Step 3: Decoding. The decoder part of the model mirrors the encoder part. Setting the same numbers of hidden layers, the decoder aims to reconstruct the input from the latent as follows

$$\begin{aligned} y = g(h) = S_{g}(wh+q) \end{aligned}$$

(5)

where the w represents the weight matrix between hidden layers, q is the bias term, y represents the reconstructed input and $S_{g}$ represents the activation function for the decoder.

Step 4: Loss function and back-propagation. To calculate the loss between the original input and reconstructed output, Mean Squared Error(MSE) is the loss function commonly used for autoencoder training. Assuming input x and target y, the loss can be written as

$$\begin{aligned} l(x,y) = L = {l_{1},...,l_{N}}^{T}, l_{n} = (x_{n}-y_{n})^{2} \end{aligned}$$

(6)

where N is the batch size 128. Since the default setup of the model is used

$$\begin{aligned} l(x,y)= mean(L) \end{aligned}$$

Parameter setting. The autoencoder is trained using 10-fold cross-validation to determine the optimal target latent size. Using the entire train set, each model will be trained again by setting the latent output as the optimal value. After running ten epochs, both the average training loss and validation loss of each model are around 1% to 3%. Adam is selected as the optimizer, and the learning rate is set to 0.001 to avoid overlearning.
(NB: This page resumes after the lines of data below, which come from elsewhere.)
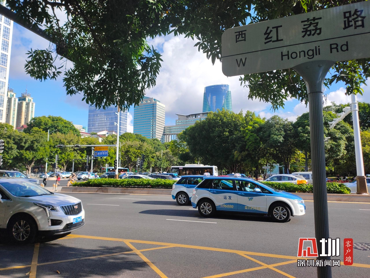 【紅荔路】上午8時,記者在紅荔路和新洲路交匯處拍攝實時路況。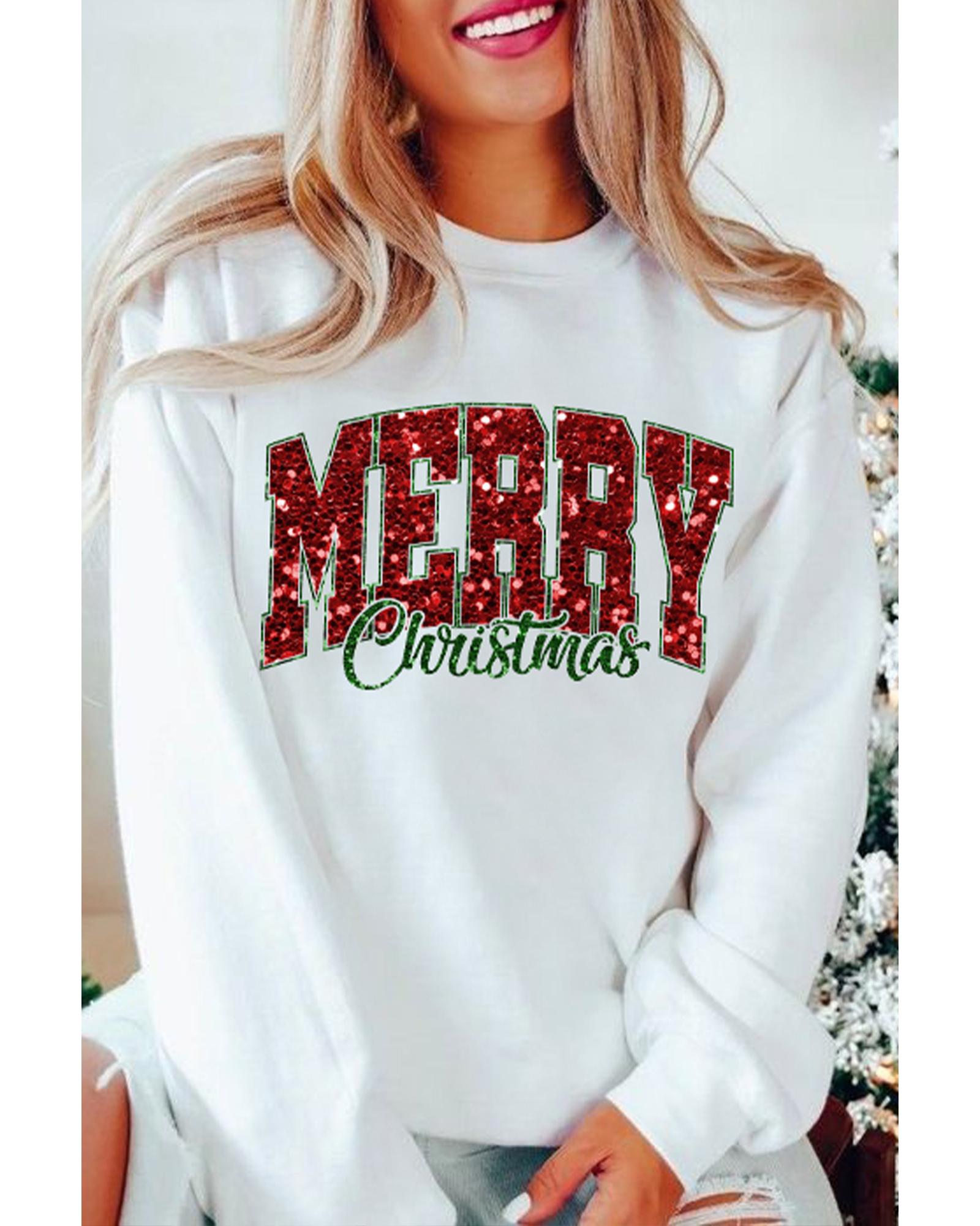 Beige MERRY Christmas Heat Transfer Printing Crewneck Pullover Sweatshirt – S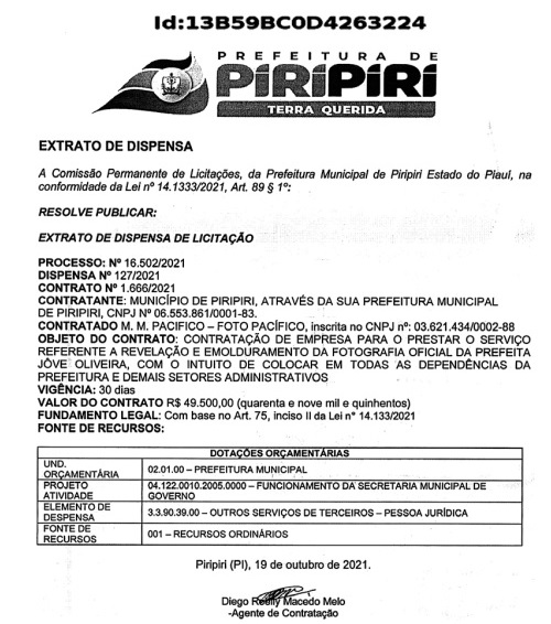 A empresa M. M. Pacifico (Foto Pacifico) foi contratada sem licitação e tem 30 dias para concluir o serviço e receber o pagamento. A fonte dos recursos é “recursos ordinários”.

The trained models generate the latent for each test set.

Multi-omics tensor data fusion and decomposition

Tensor Data Fusion. A 3D tensor is used to fuse these latents of each omics data. However, The matrices in the tensor must have the same size. To retain most of the information fused into the tensor, the latent embeddings with larger sizes are divided into smaller embeddings with the same size as the smallest latent embedding. These matrices are the same size, so they can be stacked to form a tensor. The stacking strategy frequently merges multiple data sources into a single tensor that can be utilized in machine learning models^27,28. The quality of the extracted features impacts the effectiveness of this approach. If the features are noisy or not relevant to the intended task, then the stacking strategy may not be effective. However, in our method, we implement an autoencoder to compress the data and learn new features using non-linear functions.
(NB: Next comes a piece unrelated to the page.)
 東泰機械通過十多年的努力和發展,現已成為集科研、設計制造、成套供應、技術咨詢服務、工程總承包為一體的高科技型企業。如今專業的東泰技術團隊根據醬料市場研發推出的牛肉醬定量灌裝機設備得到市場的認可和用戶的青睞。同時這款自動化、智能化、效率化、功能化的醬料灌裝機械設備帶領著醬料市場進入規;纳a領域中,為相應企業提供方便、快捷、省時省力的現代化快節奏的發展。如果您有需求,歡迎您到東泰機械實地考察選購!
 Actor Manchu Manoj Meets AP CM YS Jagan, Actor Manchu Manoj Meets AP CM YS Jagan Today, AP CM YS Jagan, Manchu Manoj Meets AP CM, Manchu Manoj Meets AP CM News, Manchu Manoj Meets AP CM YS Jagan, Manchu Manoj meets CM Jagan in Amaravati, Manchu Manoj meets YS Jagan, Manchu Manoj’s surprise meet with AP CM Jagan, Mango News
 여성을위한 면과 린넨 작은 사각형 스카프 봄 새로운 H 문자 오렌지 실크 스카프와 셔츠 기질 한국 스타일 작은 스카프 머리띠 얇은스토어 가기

Four sets of latent features for Breast training data are created, which contain the following shapes (samples, latent features) among various omics: SCNV (431,256), miRNA (431, 128), RNAseq (431, 512) and methylation (431, 256). The test data contains the same feature size with 185 samples. To integrate these latents into the same size, the minimum size among these latents is set as the target and split the larger ones evenly to the target. For example, we split four pieces of RNAseq, each with a shape (431,128). Then, the pieces can be stacked to form a tensor, as demonstrated in Fig. 20. Therefore, it can fuse all the related data compressed by autoencoders into a tensor. After stacking them in the orthogonal axis, we successfully retrieve two tensors with shapes (431, 9, 128) and (185, 9, 128) for the train and test sets, respectively. Like the Breast data, four latents belonging to Glioma are generated after compressing the original by autoencoder. The shapes of each training set are as follows: SCNV (355,128), miRNA (355,128), RNAseq (355,128) and methylation (355, 256). The test sets share the same feature size separately and has 153 samples. After splitting to match 128, the minimum feature size, they are stacked in the orthogonal axis to form two tensors with shapes of samples, assays, and latent features, e.g., (355, 5, 128) and (153, 5, 128) for the train set and test sets respectively.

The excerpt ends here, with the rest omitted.